Much later, when Bruce Springsteen was inducting Dylan into the Rock and Roll Hall of Fame in 1988, The Boss said that “The way that Elvis freed your body, Bob freed your mind”.

It’s an important and keenly observed connection between Dylan and Elvis, and one that ties together two artists who sparked the biggest changes in the direction of music and culture in their times. Barack Obama went as far as to say in 2012 that “there is not a bigger giant in the history of American music” when awarding Dylan the Presidential Medal of Freedom, but Dylan himself would probably argue that Elvis should take that particular title (and he should, Elvis is as close to a deity figure as America has ever gotten).

Elvis took the music of black America and injected it into the cultural consciousness. His own immense talents can not be understated, but neither should the origins of the music he performed (and, crucially, Elvis himself was the first to say so). Dylan took it all one step further, mixing up the so-called “low art” of Rock and Roll with the supposed “high art” of Literature. In this amalgamation, a new possibility for music and what could be done with it was born.

But Dylan has never sold as many records as his contemporaries. He didn’t shift singles in the way that The Rolling Stones or The Beatles did, or like any of his other acolytes, like The Kinks, The Animals or Pink Floyd. 

But, as we have learnt again and again throughout the course of music history, there doesn’t seem to be much that American audiences like more than hearing their own music played back to them through a British lens. Maybe it’s in our accents.
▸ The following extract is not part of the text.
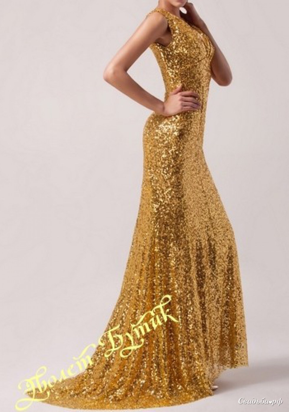 Вечернее (свадебное) платье с бретелями полностью расшито переливающимися пайетками. Лиф с чашечками. Спина полуоткрытая. Шнуровка. Подкладка сатин. Небольшой шлейф. Состав: 100% полиэстер.
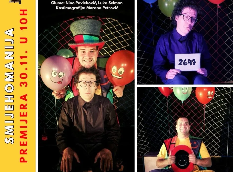 Krećemo “unatrag”, jer Zakon Teatar ove nedjelje ima i svoju novu premijeru! U 10 sati po prvi puta bit će izvedena “Smijehomanija”, koja liječi tugu smijehom. jer Smijehomanija je mjesto gdje se SVI smiju. Srećko, kralj smijeha, zna da smijeh čini čuda, ali može li pomoći Tugomiru da ponovno pronađe svoj?

Dylan briefly touched on the phenomenon in a 1991 interview with Paul Zollo, when talking about a time “after the Beatles came out and everybody from England” hit the scene, saying that “Rock and Roll still is an American thing. Folk music is not. Rock and roll is an American thing, it’s just all kind of twisted. But the English kind of threw it back, didn’t they? And they made everybody respect it once more”.

Dylan’s 1991 comments more than echoed the taunt he levelled at a less than respectful British crowd at the Royal Albert Hall (no, not the Manchester Free Trade Hall) in 1966, when he told the combative and booing audience that “this is not British music, it is American music, now, come on” before launching into a ferocious ‘Just Like Tom Thumb’s Blues’.